About himself, or about someone else?”
The Ethiopian eunuch was trying to figure things out from the Scriptures, but his attempt revealed his human limitations.
“How can I, unless someone instructs me?”
In truth, he could only understand if the Father instructed him. But Philip still had a role to play. That role was now like what Jesus did in his resurrection appearances, and no doubt this was how Philip came to understand it.
Then Philip opened his mouth and, beginning with this Scripture passage,
he proclaimed Jesus to him.
We may infer from the eunuch's immediate desire for baptism that his heart too burned within him when the Scriptures were opened for him. It was the revelation of Jesus within the Scriptures to which Philip pointed. This provided the eunuch with the opportunity to experience and respond to the draw of the Father toward his Son, to experience the confirmation of the Son's identity that only the gift of faith could give.
It must be said that the Holy Spirit is the principal agent of evangelization (see Evangelii Nuntiandi 75)
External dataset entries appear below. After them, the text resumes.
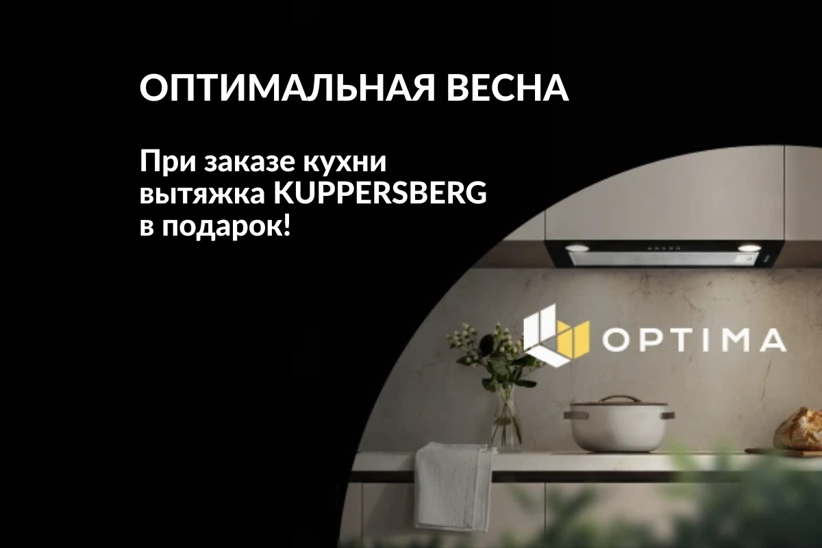 Только до конца мая оформите заказ на модульную кухню ОПТИМА, и мы порадуем вас отличным подарком — вытяжкой бренда KUPPERSBERG на ваш выбор ↓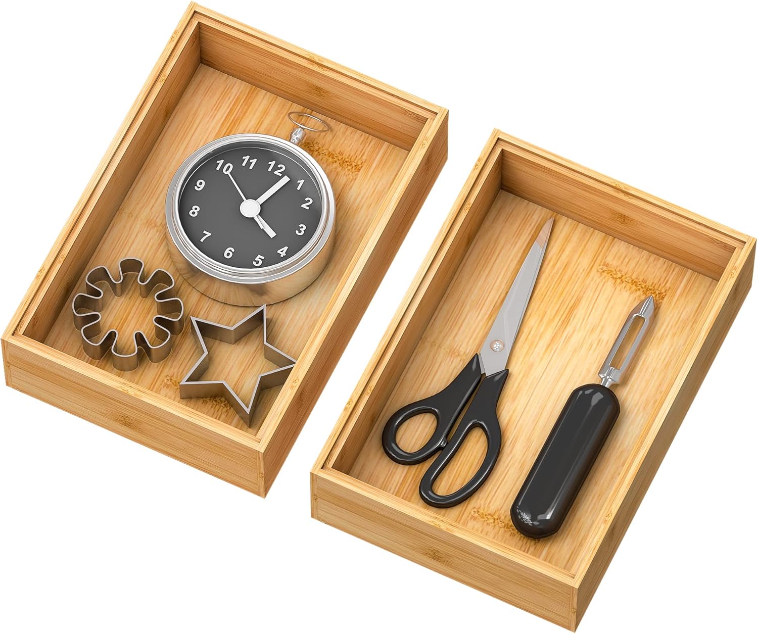• 【Sturdy Wood Drawer Organizer Storage Box】 Bambloom bamboo utensil drawer organizers are made of 100% bamboo,solid,durable, light and beautiful. It has no odor and smooth texture; compare with plastic,bamboo drawer storage boxes is a renewbale. Easy to Maintain,just wipe these small drawer organizers with a damp cloth and a mild cleaner.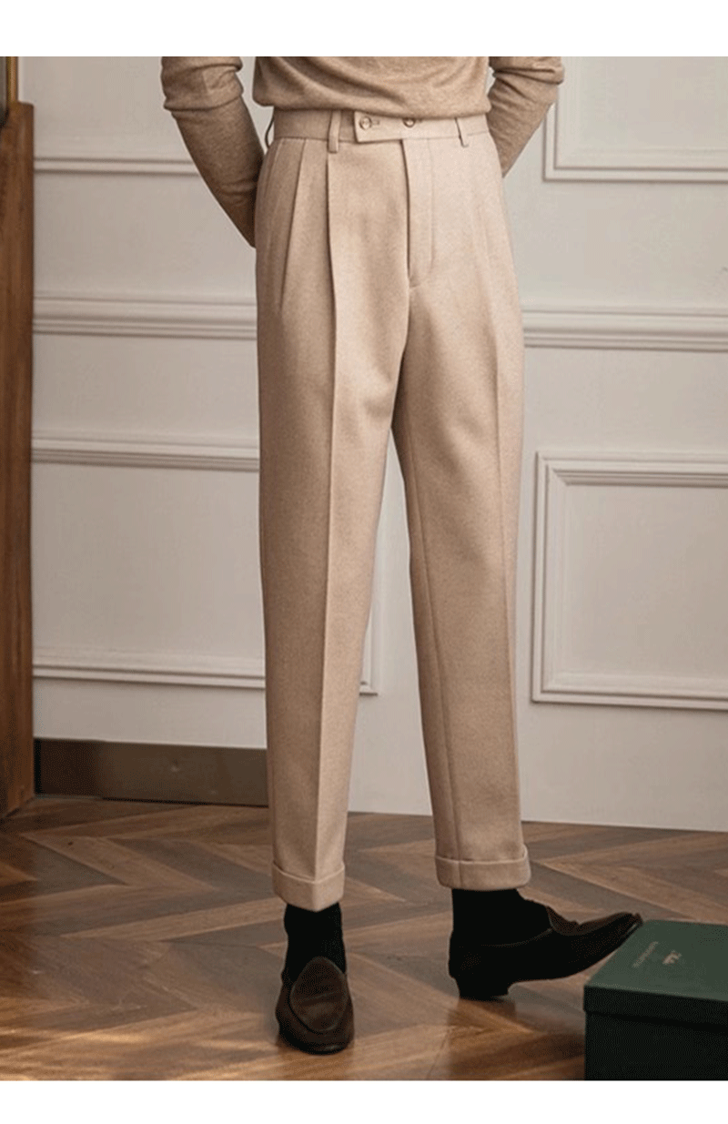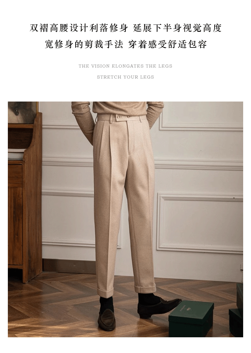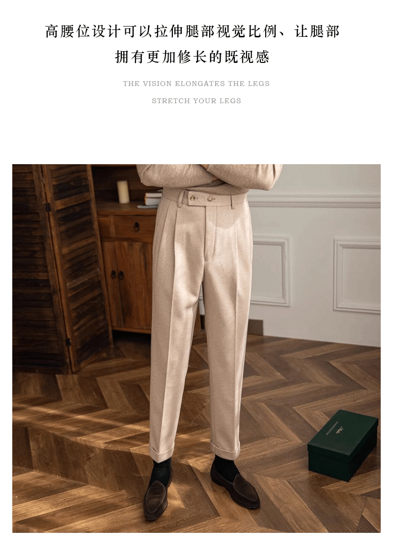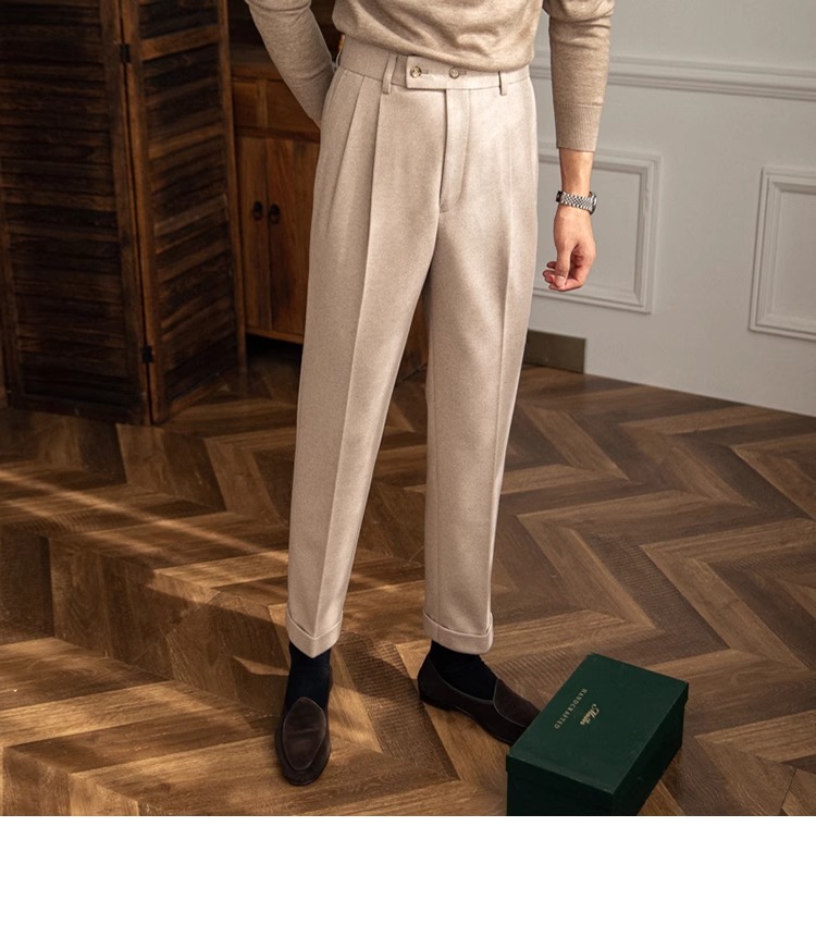 남자 바지 가벼운 성숙한 영국 복고풍 사업 나폴리 펜던트 스트레이트 슬림 핏 캐주얼 바지 남자 통근스토어 가기

We can see the work of the Spirit through Philip clearly, not only by how effectively he proclaimed the Scriptures, but also by how ready he was to be led. He heeded the angel at once when he heard, "Get up and head south". He did not tary when his particular mission was completed, but was immediately ready for the next thing to which God would call him.
When they came out of the water,
the Spirit of the Lord snatched Philip away,
and the eunuch saw him no more,
but continued on his way rejoicing.
We first experience the Spirit teaching us. Then can become agents through whom the Spirit teaches others. And of course he will never finish teaching us in this life. This can become a virtuous cycle by which we become, more and more, the people we are meant to become.
Let all the earth cry out to God with joy.